Um calango como narrador da história

A obra mergulha no universo de “Os Sertões”, de Euclides da Cunha, recriando o episódio histórico sob a perspectiva inusitada do calango Sertanejo, um representante da fauna da Caatinga baiana. “Para substituir minha persona de professora contadora de histórias, escolhi um representante da fauna da Caatinga baiana, o calango Sertanejo, aquele que tudo ouviu, viu e tudo irá contar”, explica Fabiana.

A trajetória de Antônio Conselheiro — chamado na obra de “Peregrino” — e a fundação do arraial de Belo Monte ganham novas camadas ao serem filtradas pelo olhar desse pequeno habitante do sertão. A narrativa conecta, de forma orgânica, educação, literatura e meio ambiente.

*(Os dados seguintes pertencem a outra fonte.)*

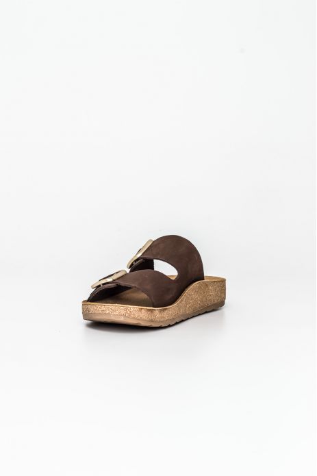 Sandalia bio Happy Monk fabricada con pieles naturales de acabado suave y destaca por su diseño de pala con una hebilla metálica de gran formato que aporta un toque de sofisticación.
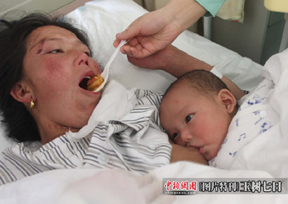 護(hù)士正在給傷員喂飯,懷中4個(gè)月大的孩子在吃奶
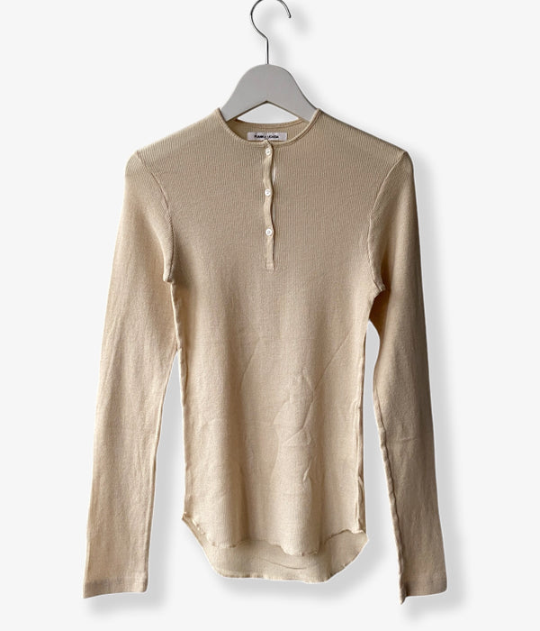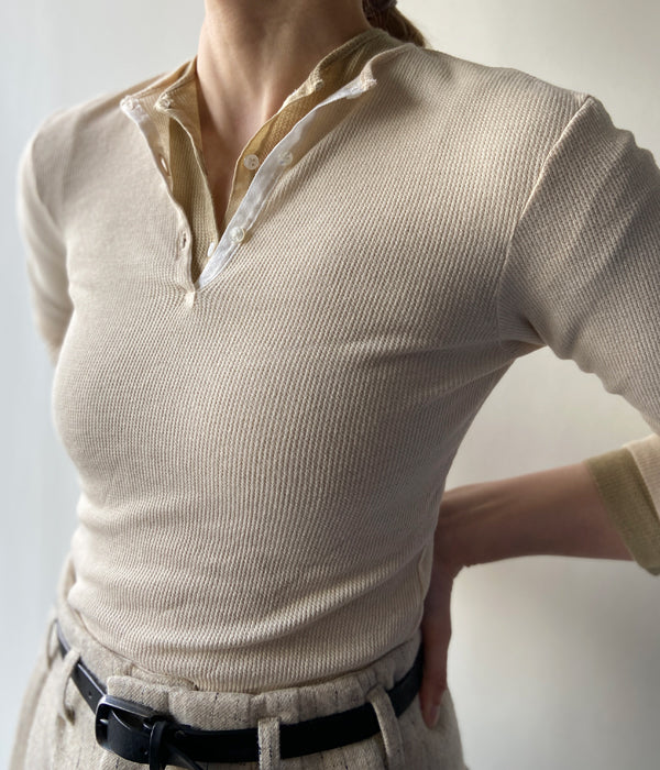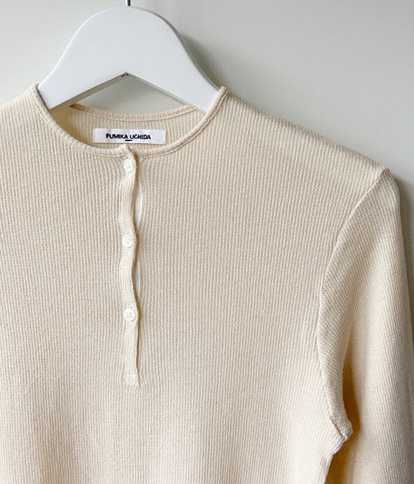 FUMIKA_UCHIDA/GAUZE WAFFLE HENLEY-NECK TOP (OFF WHITE)
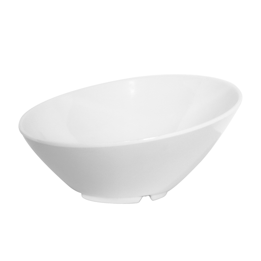 Bowl inclinado de 24 oz en melamina color blanco, diseñado para realzar presentaciones gourmet de sopas, pastas, ensaladas, poké bowls y más. Su diseño moderno, inclinado aporta dinamismo y estilo a la mesa, ideal para uso profesional y en el hogar..
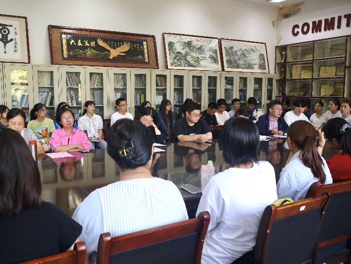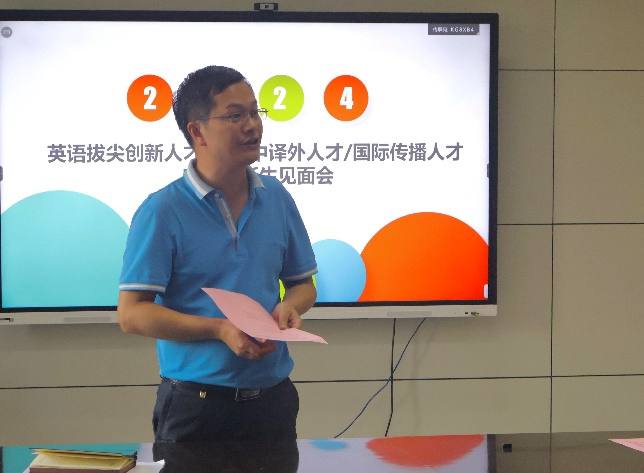 在教学楼G209会议室举行拔尖创新人才实验班、卓越中译外人才实验班、英语(国际传播)人才实验班师生座谈会,学院院长张凌、党委书记单升军、教师代表王巍、龙湛,班主任贺琳、卓越创新学院教学秘书郭向涛、教学秘书殷希及全体实验班学生参与本次会议。会议由副院长雷茜主持。
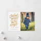 Snyggt, moderna fotokort för helgdag, med roligt typografi, läsning, "tyst natt, heliga natt" i faux-folie för guld.
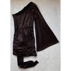 NWOT Zara Blogger’s Favorite Bronze Shiny Asymmetric Shimmer Mini Dress, Medium
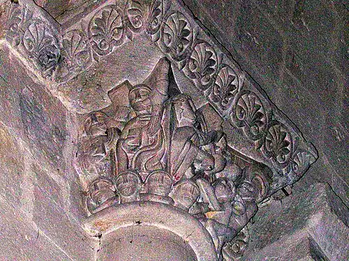 Sur l'ébrasement sud il reste cinq sculptures romanes qui sont toujours lisibles :
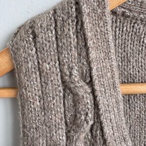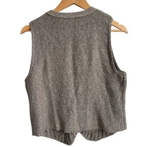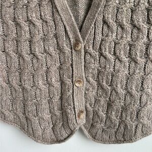 J.Jill sleeveless sweater vest in a versatile taupe / oatmeal heather tone. Features a beautiful textured cable knit, flattering V-neckline, and button-front closure
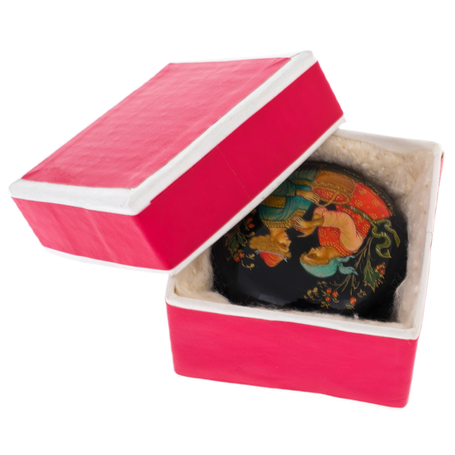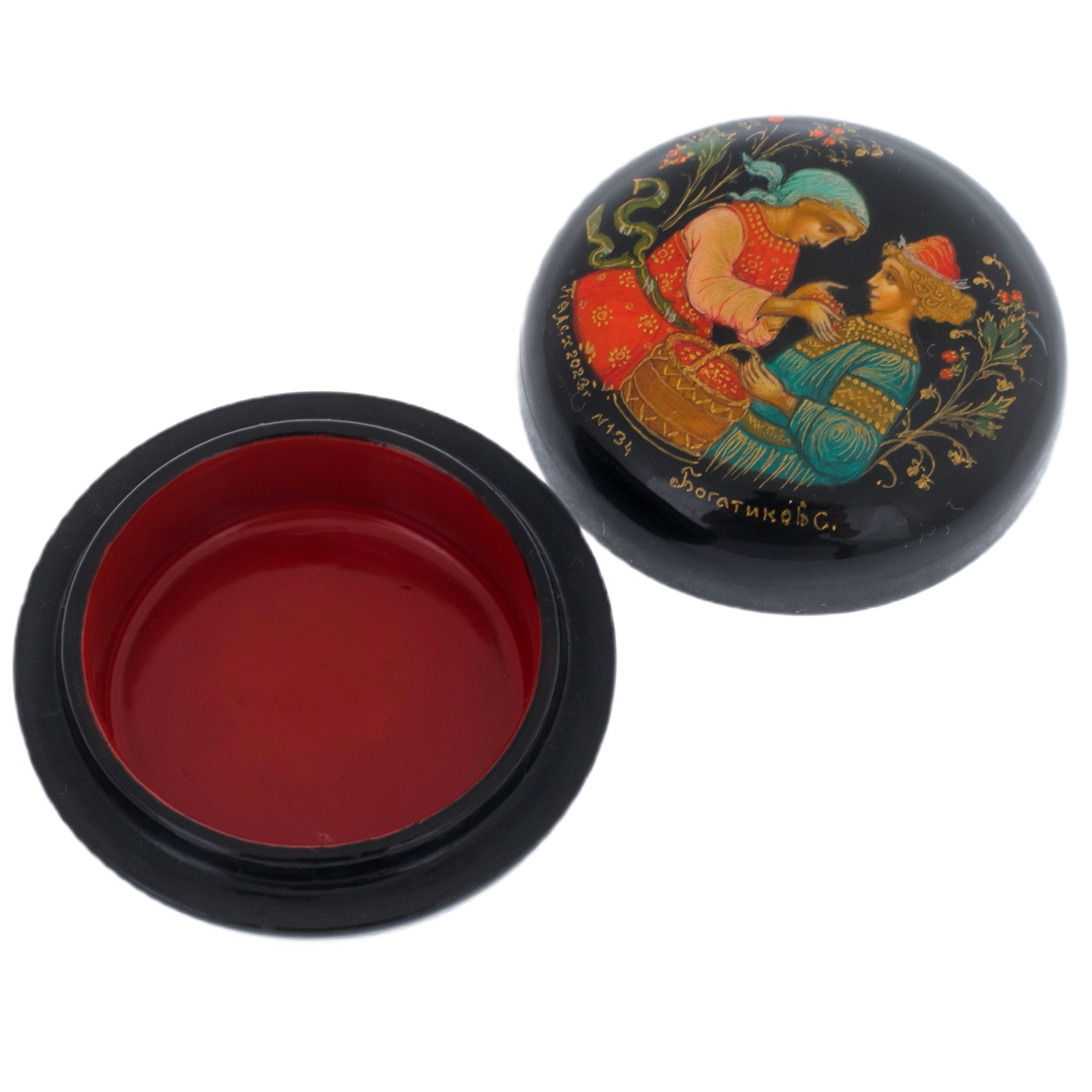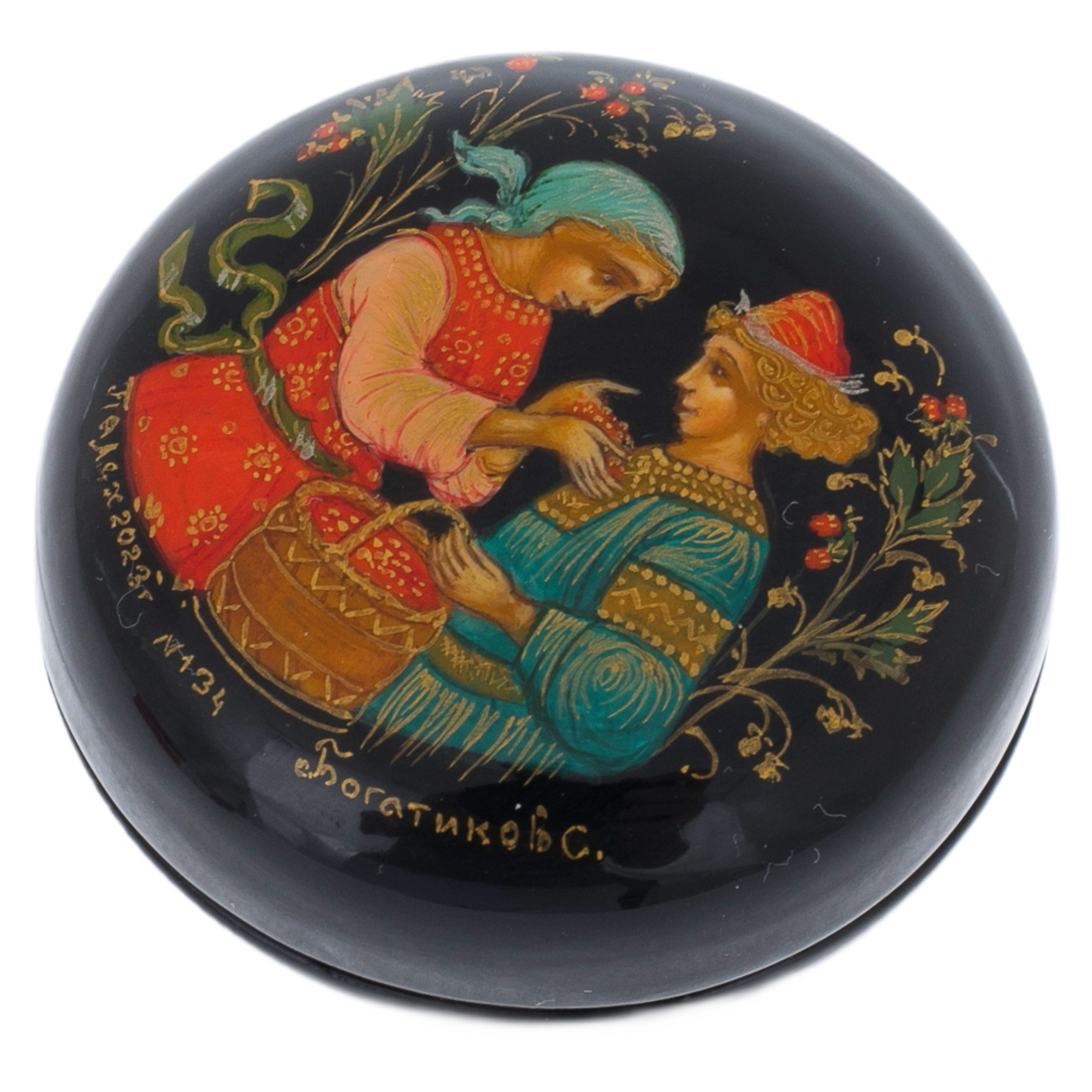 Пудреница "Парочка" — это нежное напоминание о трепетных мгновениях юной любви, запечатленное кистью талантливого мастера. На крышке оживает сцена из русских сказок: девушка в ярком праздничном сарафане с корзиной спелых ягод порыве искренности и нежности наклоняется к юноше в богатом наряде. В их взглядах читается доверие, робкое очарование, способное тронуть самые холодные сердца. Парочка окружена цветочным орнаментом, плавно тянущимся по черному фону, словно ночной сад, усыпленный звездами.

A Caatinga como personagem central

Um dos momentos mais intensos do livro é a batalha em que o próprio bioma da Caatinga se torna aliado dos sertanejos. “Os galhos e espinhos ressecados trançavam barreiras impenetráveis aos soldados, mas abriam uma rede de caminhos possíveis aos moradores da terra”, descreve a autora. A força da natureza sertaneja deixa de ser cenário e passa a ser protagonista.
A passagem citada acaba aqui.